Bloch. (Marc). Esquisse d'une histoire monétaire de l'Europe. Paris,


Armand Colin, 1954 ; un vol. in-8° de 96 p., 1 fac-similé (Cahiers des
Annales, n° 9).
Parmi les manuscrits inédits qu'a laissés le regretté Marc Bloch, il
s'est trouvé un ensemble de notes de cours relatives à l'histoire monétaire.
Telles quelles, elles ne pouvaient être livrées à l'impression (x). Les
rédacteurs des Annales leur ont fait une toilette discrète, comme on
peut s'en rendre compte en comparant le fac-similé d'une page du
manuscrit, publié en tête du livre, avec le texte imprimé correspondant.

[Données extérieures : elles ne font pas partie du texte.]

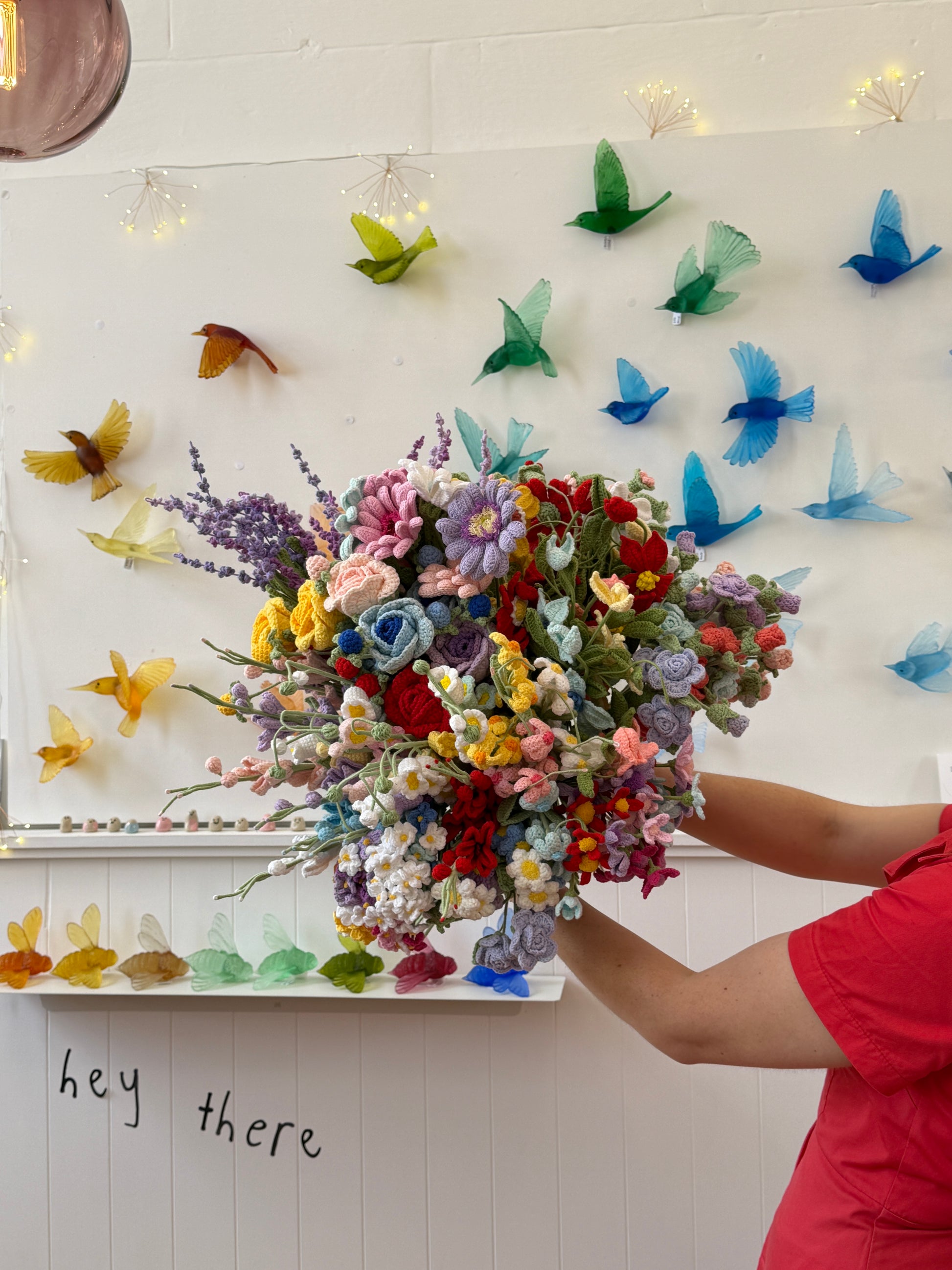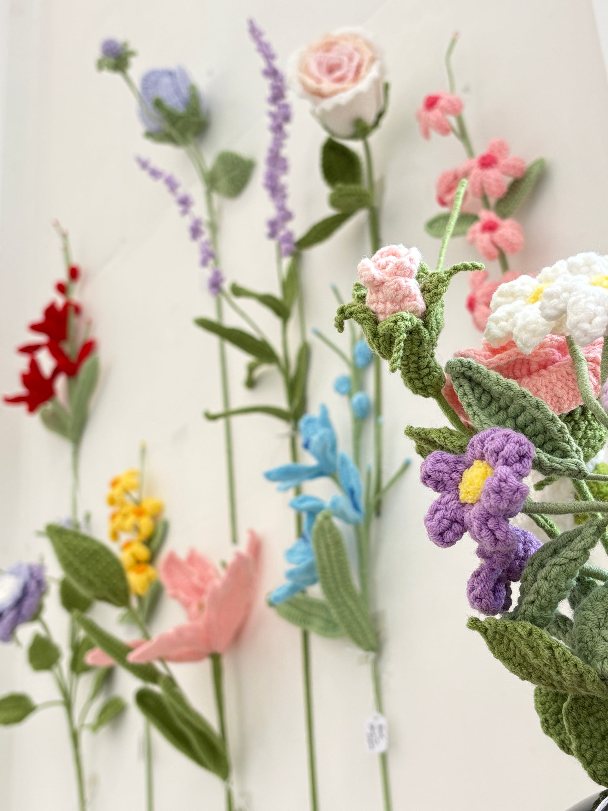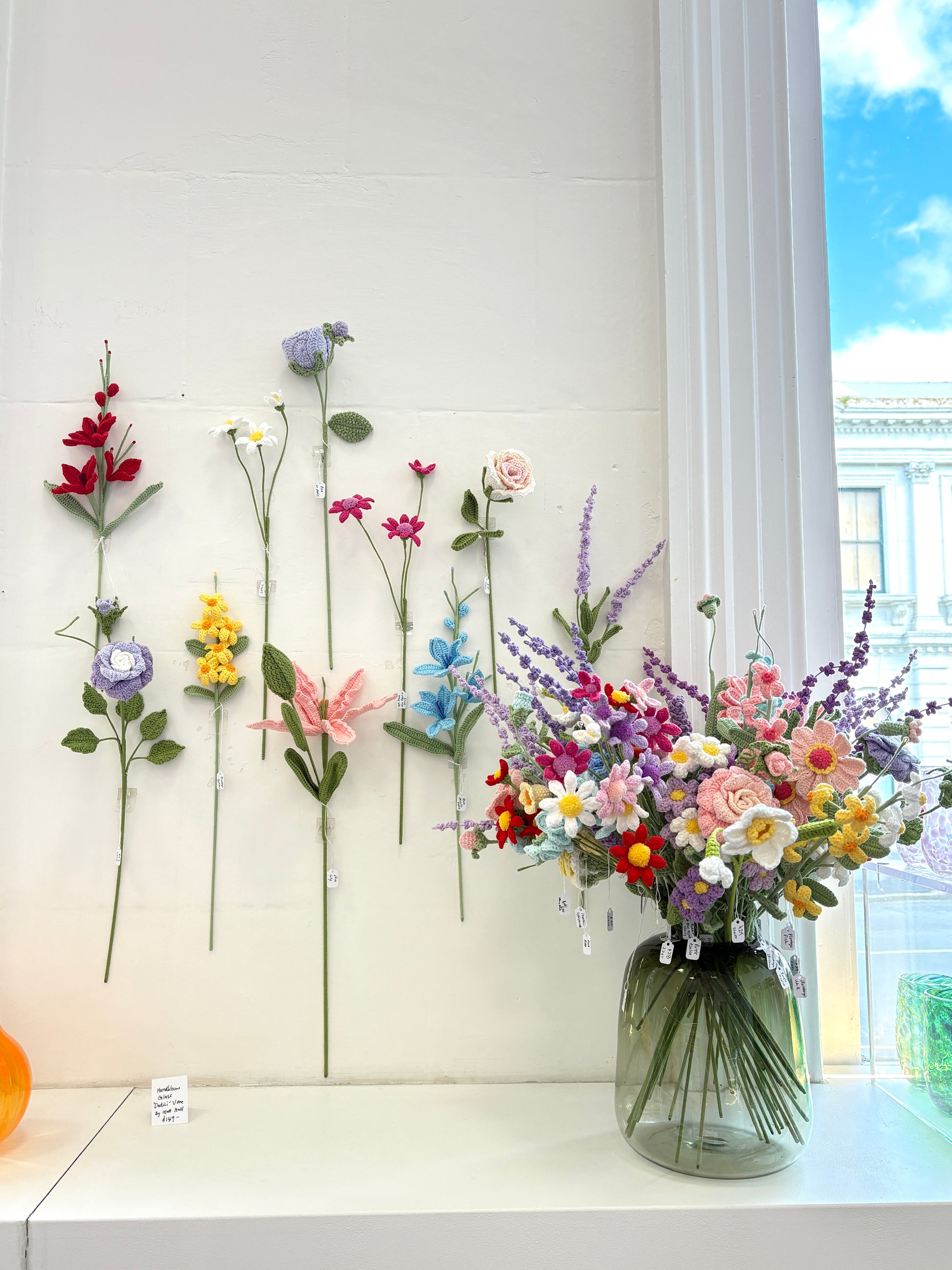 Beautiful, realistic crochet flowers, handmade in NZ for inc store. These are incredibly detailed and realistic forms ; choose from the range of flowers and colours, or collect them all for an amazing art installation.

Mr. L. Febvre dans sa note de préface, et Mr. F. Braudel dans sa «
postface », se demandent s'ils ont bien fait de les publier. La réponse, à
mon avis, ne peut être qu'affirmative, malgré les réserves que l'on sera
amené à faire. La pensée, sans doute, n'y a pas toujours trouvé sa forme
définitive, mais Marc Bloch nous y apparaît tel que nous l'avons connu :
allant droit aux problèmes essentiels, puisant, pour résoudre les uns,
dans la documentation si riche et si variée qu'il avait su réunir, indiquant,
pour les autres, d'un geste sûr, aux chercheurs qu'il conviait à la tâche,
es voies menant à des solutions possibles, qu'il ne faisait lui-même
qu'entrevoir. Ce petit livre mérite de devenir un vade-mecum pour
nombre d'historiens, en premier lieu, sans doute, pour ceux qui s'adonnent
à l'histoire monétaire, mais aussi pour les fervents des disciplines
apparentées, telle l'histoire des prix.
Mais du fait que ces notes n'étaient pas définitives, aux yeux de
l'auteur lui-même d'ailleurs, la prudence s'impose. S'il avait songé à les
éditer, il aurait, je crois, contrôlé au préalable telle donnée, et confronté
telle vue personnelle avec des opinions divergentes. Qu'on veuille bien
ne considérer les remarques qui suivent que comme une modeste
contribution à la tâche qu'il n'a plus été donné à Marc Bloch de mener à
bonne fin. Peut-être, grâce à elles, certaines erreurs de fait, qui
déparent le livre, pourront-elles être utilement éliminées lors d'une nouvelle
édition.
L'ouvrage commence par des « préliminaires » qui rappellent les
notions de base relatives à la confection de la monnaie métallique. Elles
sont concrètes et vont droit au but. On est seulement surpris d'y noter
un passage, qui ne peut être que le résultat d'un lapsus, mais qu'il est
nécessaire de rectifier pour le bénéfice du lecteur non averti (p. 8) : « pour
calculer le poids de la monnaie, on exprimait non le poids total, mais le

(1) Une partie importante du texte (pp. 53-77), qui avait fourni la matière des
leçons professées par Marc Bloch à l'Institut des Hautes Études de Belgique, à
Bruxelles, en 1939, a été publiée antérieurement dans Annales, 1953, 8e année,
n° 2, pp. 145-158, et n° 4, pp. 433-456, sous le titre : Mutations monétaires dans
l'ancienne France.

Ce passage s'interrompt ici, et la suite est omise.